Sequence of His Life

Finally, he married Déjanire, whom he abandoned for Iolé. Déjanire sent her fickle husband a tunic dipped in the poisoned blood of Nessos. As soon as he put on the garment, he felt his flesh burning and saw his body burned up. Then he set up a stake on Mount Oeta, and threw himself into the flames.

Finally, he was admitted to Olympus, received immortality and married Hebe, the goddess of youth.

Powers and Abilities

  • Immortality: Having breastfed by Hera, Heracles became immortal, insensitive to aging, illness and certain physical injuries. However, it can suffer and be poisoned.
  • Superhuman strength: Heracles is endowed with immense physical strength, he has been able to replace the giant Atlas and support the sky on his shoulders, suffocate the Nemean Lion with the strength of his arms and show many other physical feats.
  • Superhuman endurance: Heracles can fight for days or weeks without getting tired. His endurance is generally greater than the monsters he faces, which allows him to defeat them by exhaustion.
  • Skills of warlord: Heracles is a charismatic warlord, capable of arousing warriors to go into battle with ease.
  • Divine equipment: Heracles possesses an armor provided by Hephaestos, a sword provided by Hermes, an arc provided by Apollo and a tunic provided by Athena.

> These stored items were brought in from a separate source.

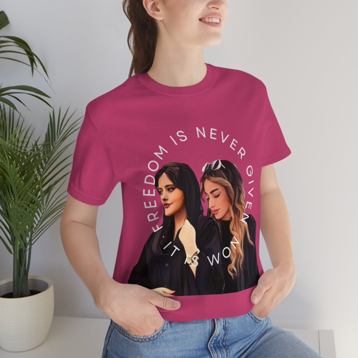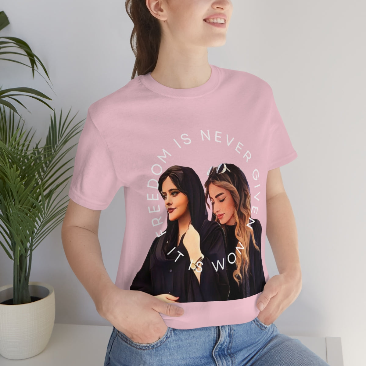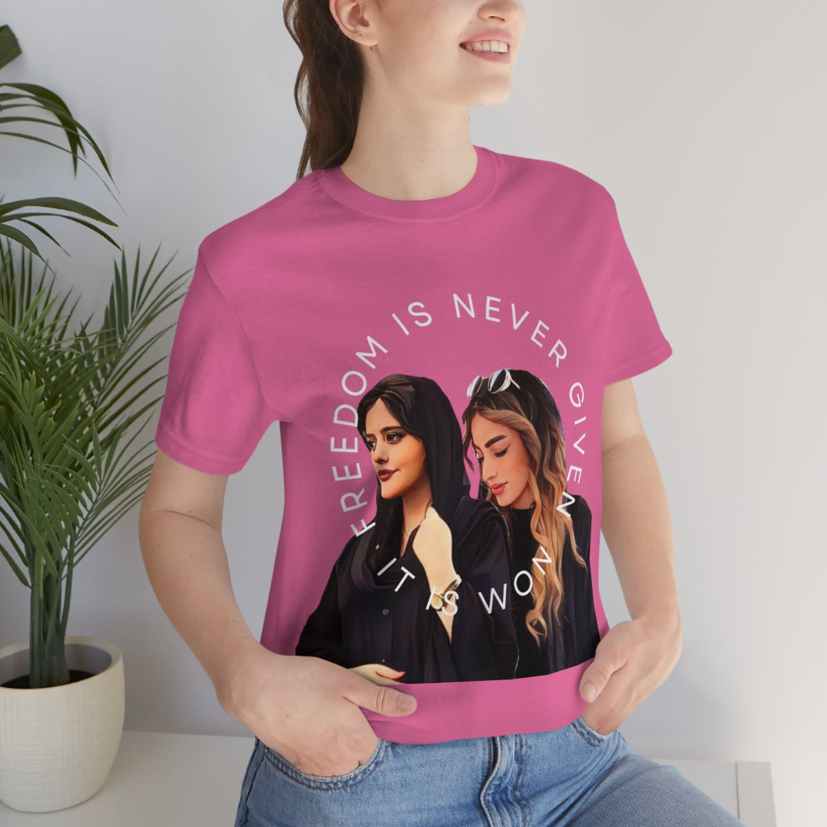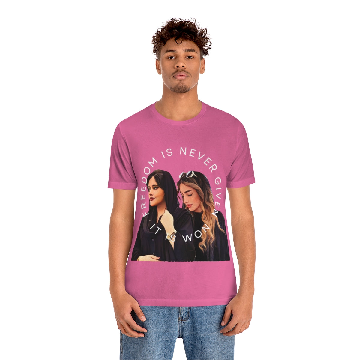 This classic unisex jersey short sleeve tee fits like a well-loved favorite. Soft cotton and quality print make you fall in love with it over and over again. These t-shirts have-ribbed knit collars to bolster shaping. The shoulders have taping for better fit over time. Dual side seams hold the garment's shape for longer.
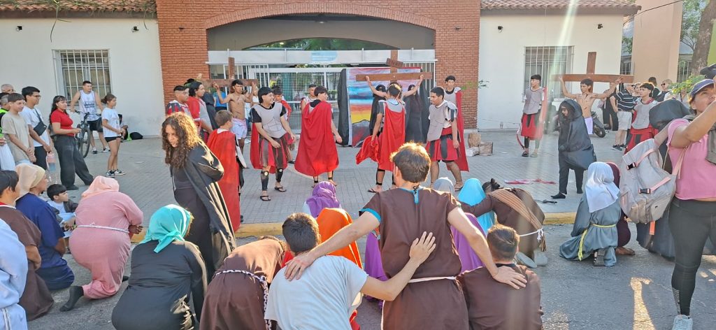 A lo largo de la caminata se desarrollaron las 15 estaciones del Vía Crucis, en un trayecto que cada año convoca a creyentes, familias, jóvenes y adultos que deciden vivir el Viernes Santo de una manera especial: caminando, rezando y reflexionando sobre la Pasión de Cristo.
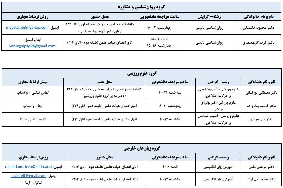 جدول زمانبندی حضور اساتید
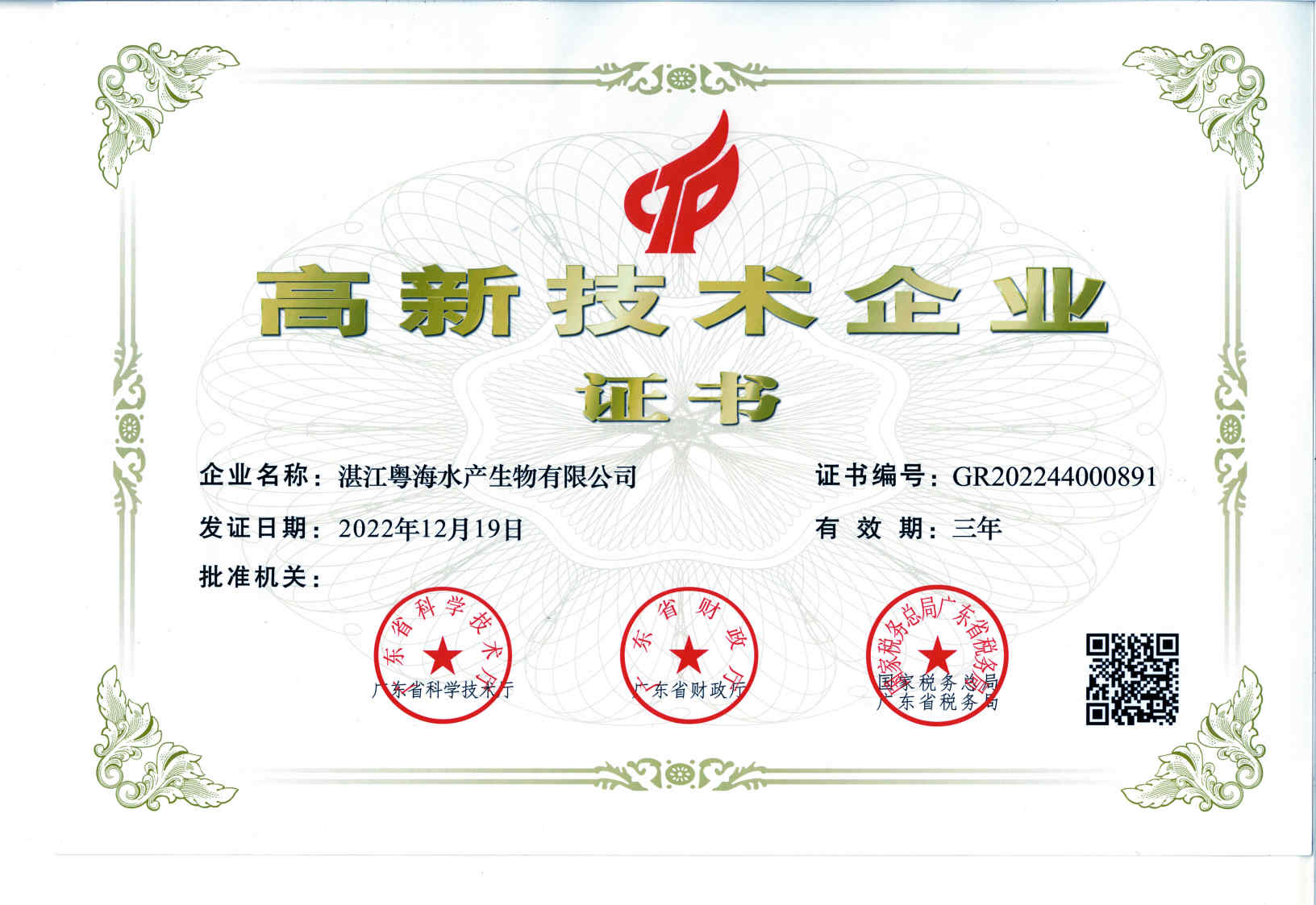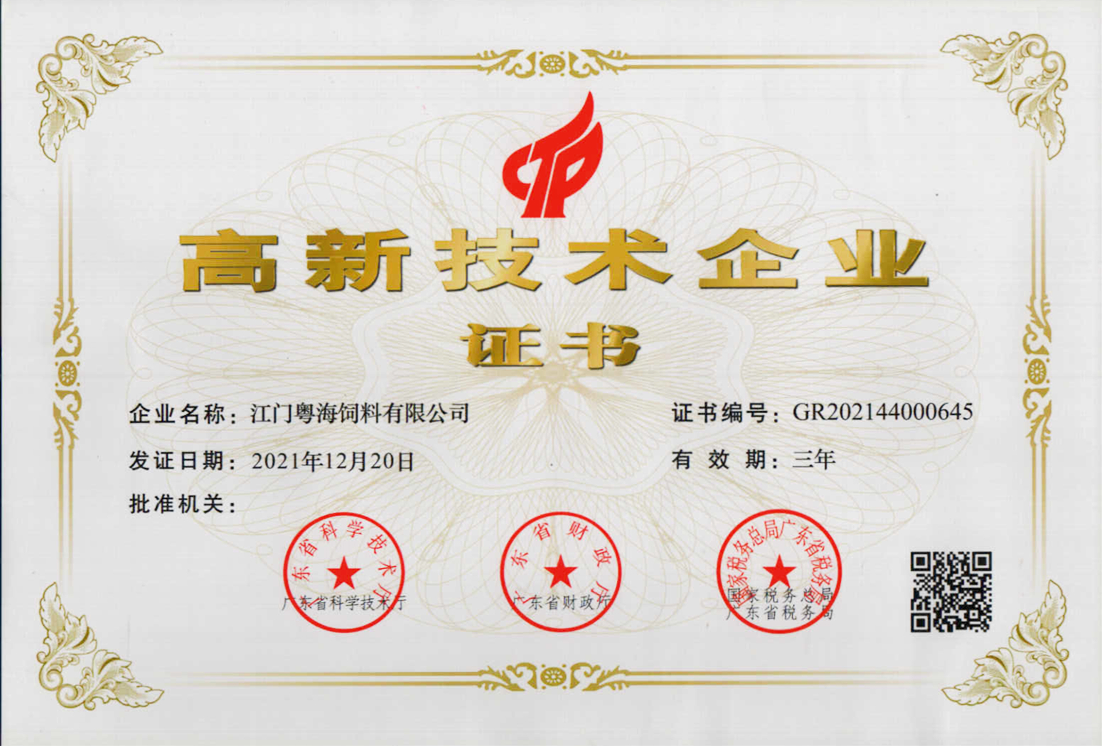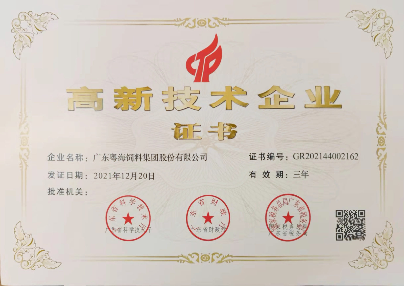 高新技术企业证书-广东九游官方端网站在线登入
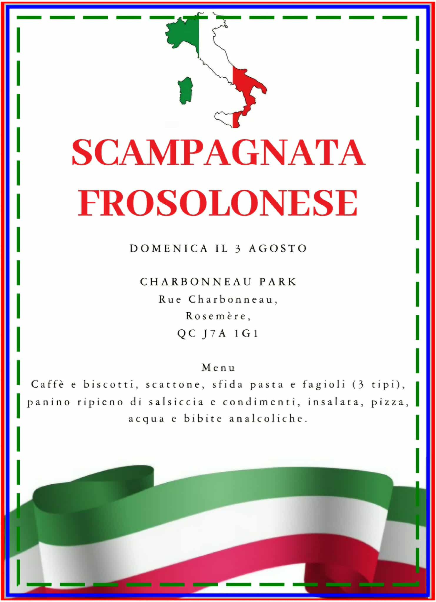 Sarà una Scampagnata speciale, che celebrerà i 50 anni di amicizia e cultura Frosolonese in Montreal. Celebriamo i nostri membri fondatori, i devoti membri del consiglio nel corso degli anni e, soprattutto, la nostra ricca cultura Frosolonese circondati da amici e familia.
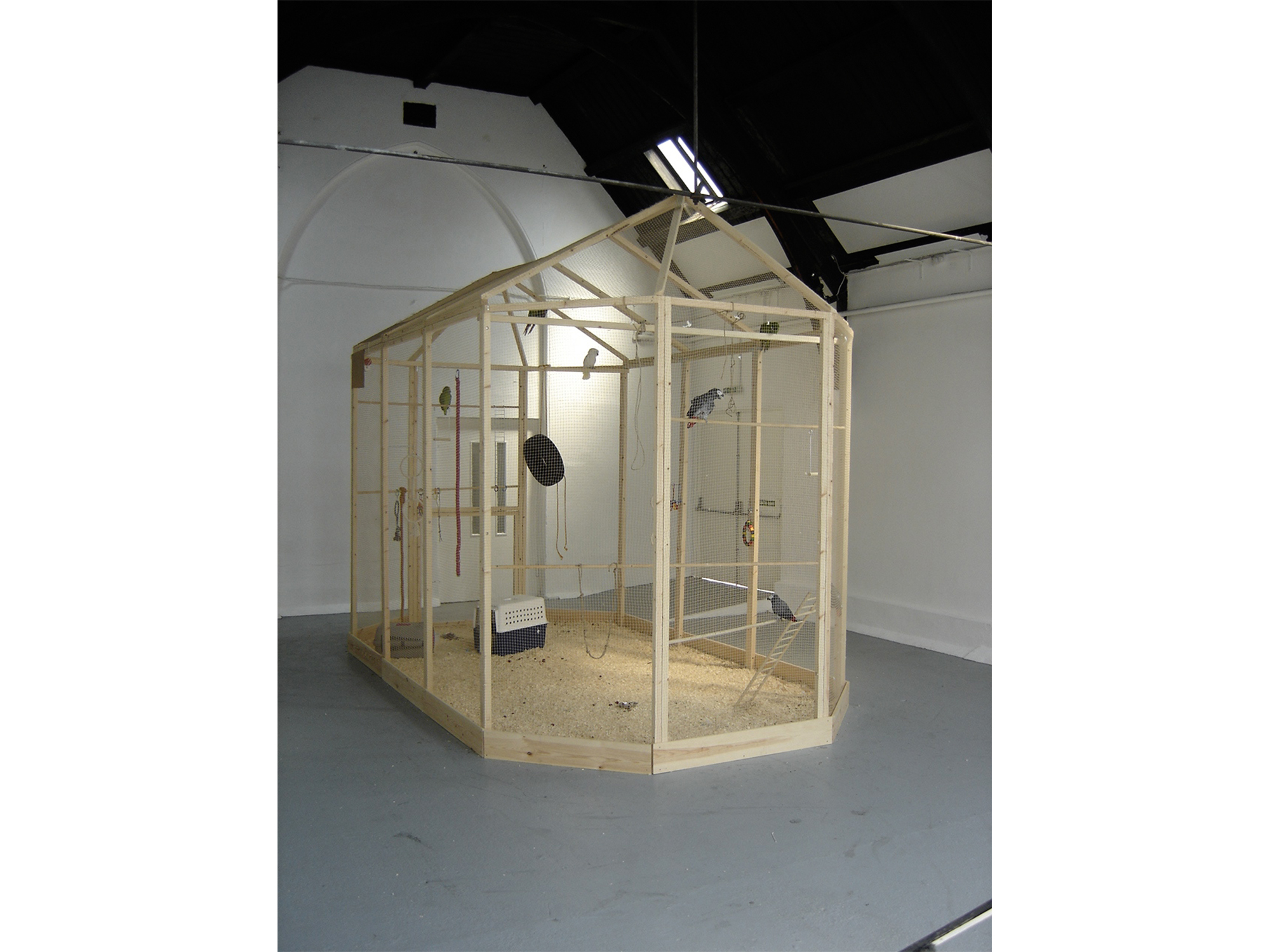 Ruth Ewan, Psittaciformes Trying to Change the World, 2006. Installation View, Studio Voltaire, London. Courtesy of the artist and Studio Voltaire, London.

He also owns a club that he made himself, and a bow through which he draws his poisoned arrows from the blood of the Hydra of Lerne.

Villainous Acts

  • Heracles killed Linos, his music teacher, who wanted to punish him for his mediocrity, with a blow of Lyre, stool, stone or plectrum according to the versions.
  • He mutilates a regiment of soldiers, emissaries of King Erginos because they had disrespected him.
  • He killed his entire family in a madness provoked by Hera. He will go out and do twelve jobs to make amends.
  • He slaughtered several centaurs and even his master Chiron, for he had stubbornly tried to taste an amphora of wine guarded by the centaur Pholos for other centaurs. This act also causes the death of Pholos, who inadvertently injures himself with an arrow of Heracles and dies instantly.
  • He killed King Diomedes by throwing him away while he was captured and tied in pasture to his own cannibal mares who shred him.
  • He assassinates Queen Hippolyte impulsively following a trick of Hera, believing that she betrayed him when he learns that the Amazons attack him.